→ WORK TO BE COMPLETED: Take the records below and extract, word for word, the lines from the one containing "Used, Infuse brand, leather" through the final line, inclusive. Omit pictures.

Dataset excerpts:
■ ■ ■

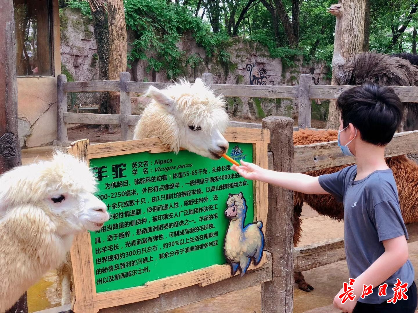 在东湖海洋乐园门口,萌宠大巡游吸引许多大小朋友驻足。羊驼、小鹿等性情温顺的小动物现场卖萌,和游客零距离互动。饲养员在一旁维持秩序,保护游客和动物的安全。
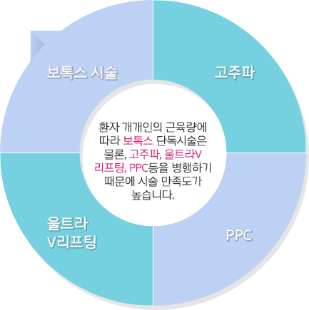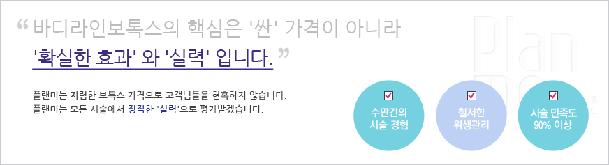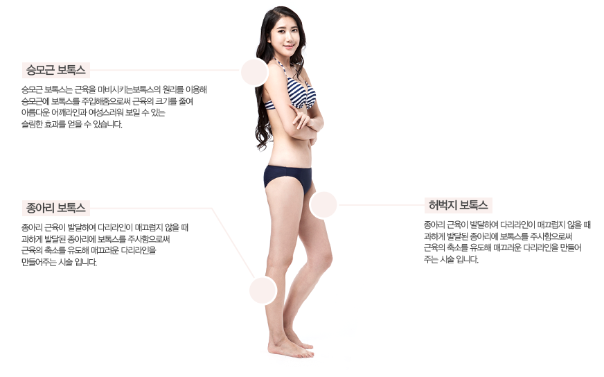 감퇴시키기 때문에 근육이 상대적으로 발달되는 승모근과 허벅지, 종아리에 주사할 경우 아름다운 몸매라인을 만들 수 있게 됩니다. 수술을 하지 않아 시술부담이 적으며 빠른 일상복귀가 가능하므로 바쁜 직장인들도 불편함 없이 시술 받을 수 있습니다.
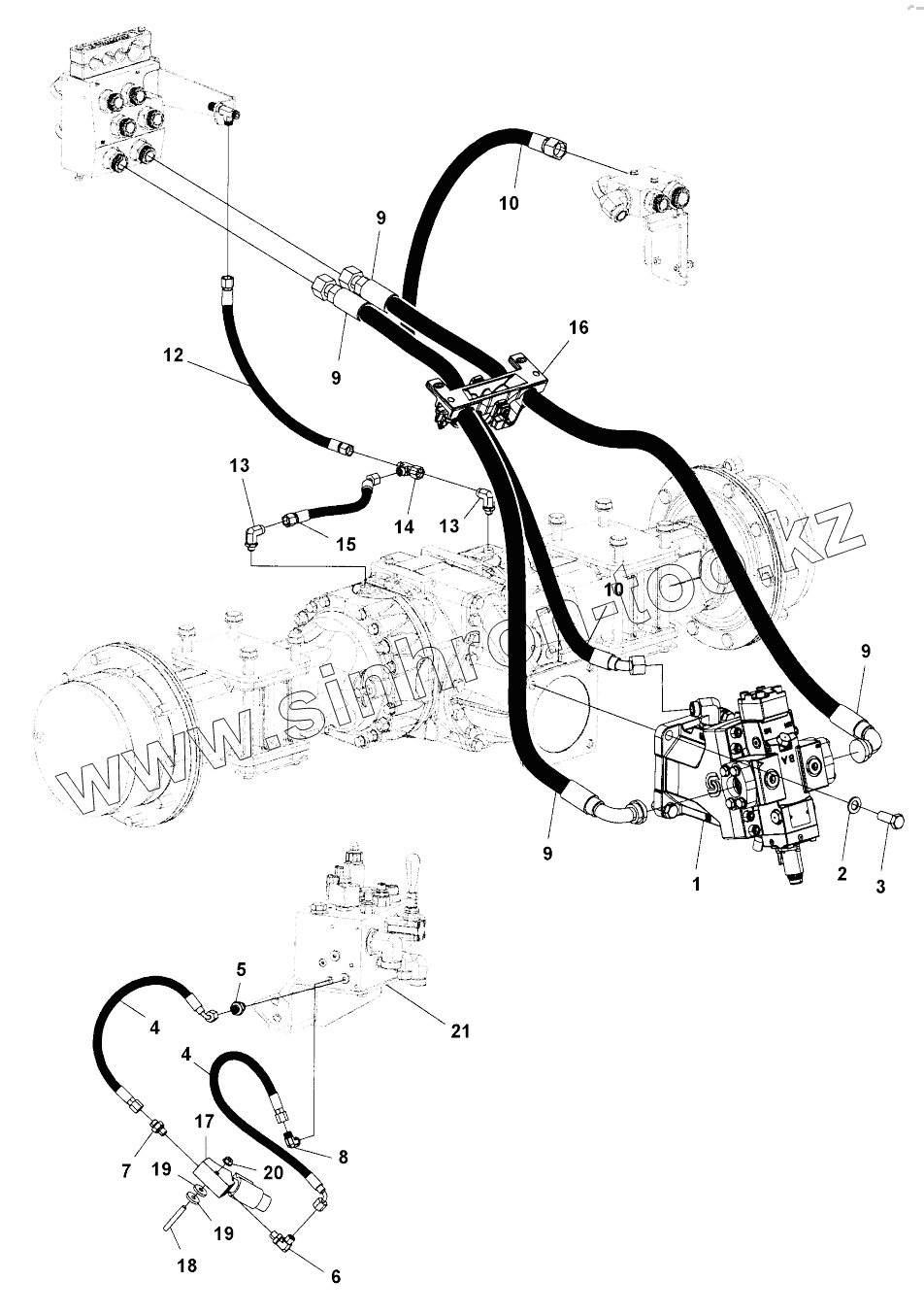 Каталог запасных частей к технике: DYNAPAC CA6500. Hydraulic system, rear axle Anti-spin option
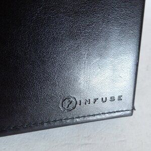 Used, Infuse brand, leather presentation / portfolio book. This high end presentation book protects the pages within with beautifully classic black, rigid covers and archival sheet protectors.
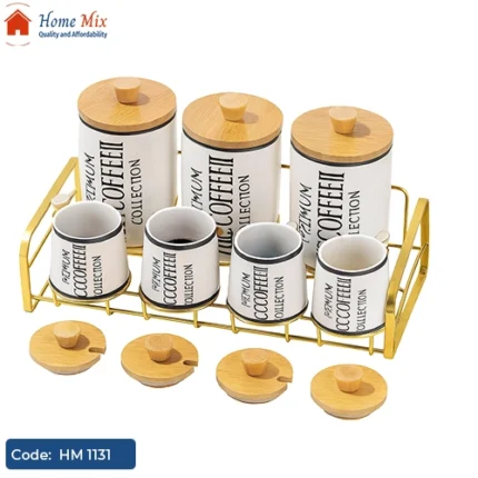 طقم بورسلين عملي وأنيق مكون من 3 برطمانات مع أغطية خشب وكوستر خشب منظم يضيف لمسة راقية لمطبخك.
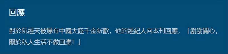 台媒也第一时间采访阮经天经纪人,她没有否认,仅回应“谢谢关心,关于私人生活不做回应”。
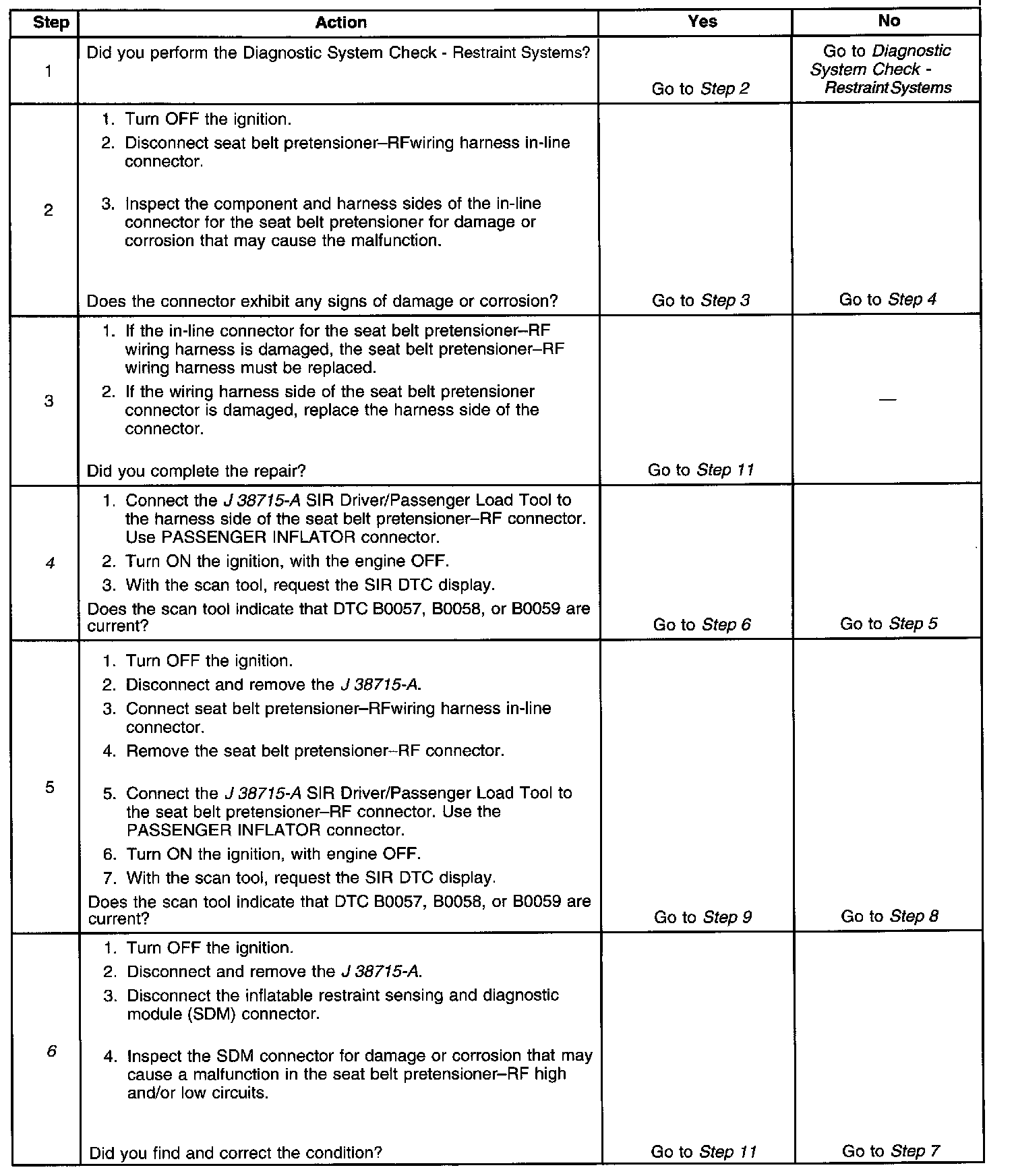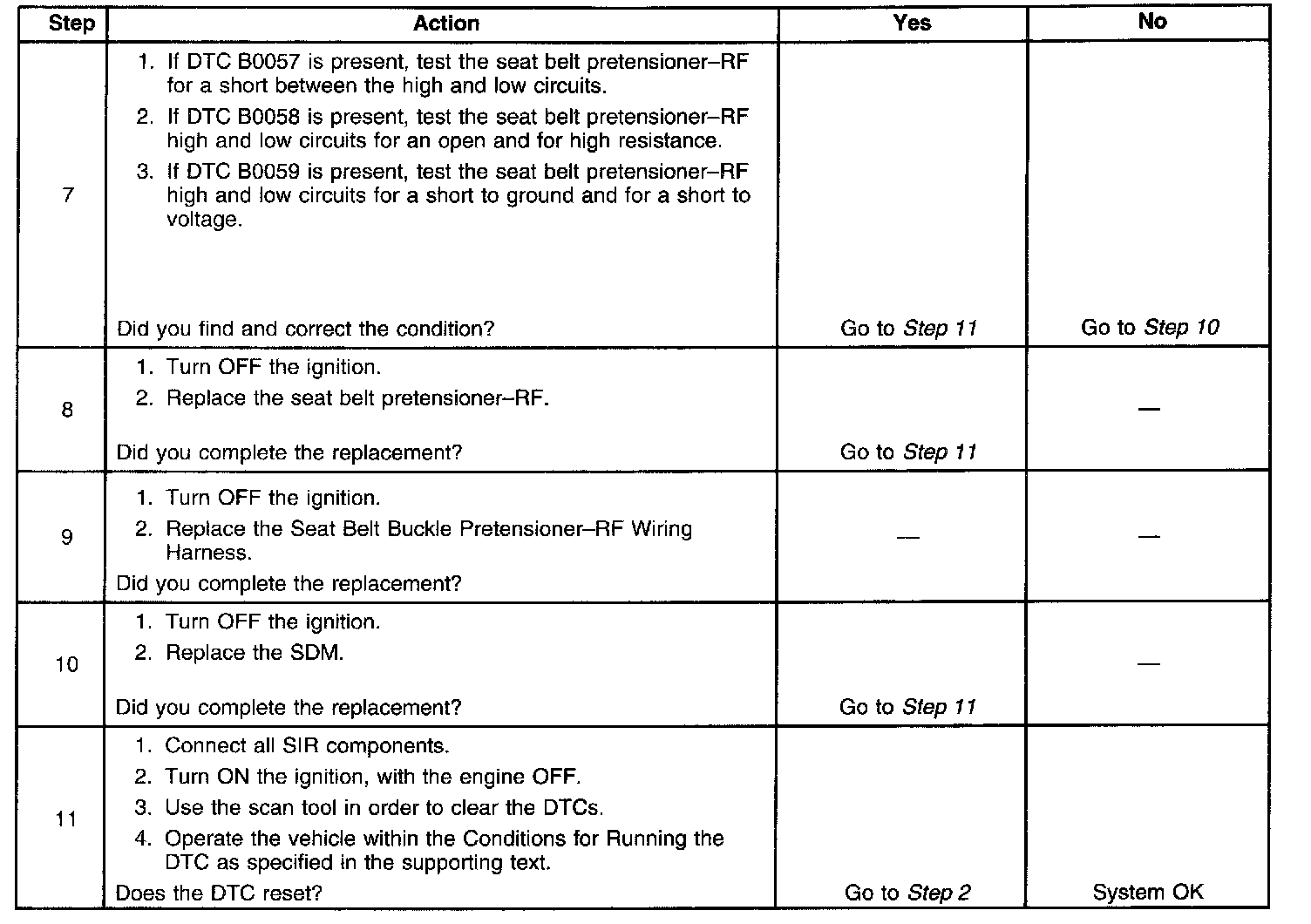 6. Tests to see what DTCs are present. If DTC B0057 is present, test the seat belt pretensioner-RF for a short between high and low circuits. If DTC B0058 is present, test the seat belt pretensioner-RF high and low circuits for an open and for high resistance. If DTC B0059 is present, test the seat belt pretensioner-RF high and low circuits for a short to ground and for a short to voltage.

■ ■ ■

→ OUTPUT FOR THIS EXERCISE:
 Used, Infuse brand, leather presentation / portfolio book. This high end presentation book protects the pages within with beautifully classic black, rigid covers and archival sheet protectors.
 طقم بورسلين عملي وأنيق مكون من 3 برطمانات مع أغطية خشب وكوستر خشب منظم يضيف لمسة راقية لمطبخك.
 台媒也第一时间采访阮经天经纪人,她没有否认,仅回应“谢谢关心,关于私人生活不做回应”。
 6. Tests to see what DTCs are present. If DTC B0057 is present, test the seat belt pretensioner-RF for a short between high and low circuits. If DTC B0058 is present, test the seat belt pretensioner-RF high and low circuits for an open and for high resistance. If DTC B0059 is present, test the seat belt pretensioner-RF high and low circuits for a short to ground and for a short to voltage.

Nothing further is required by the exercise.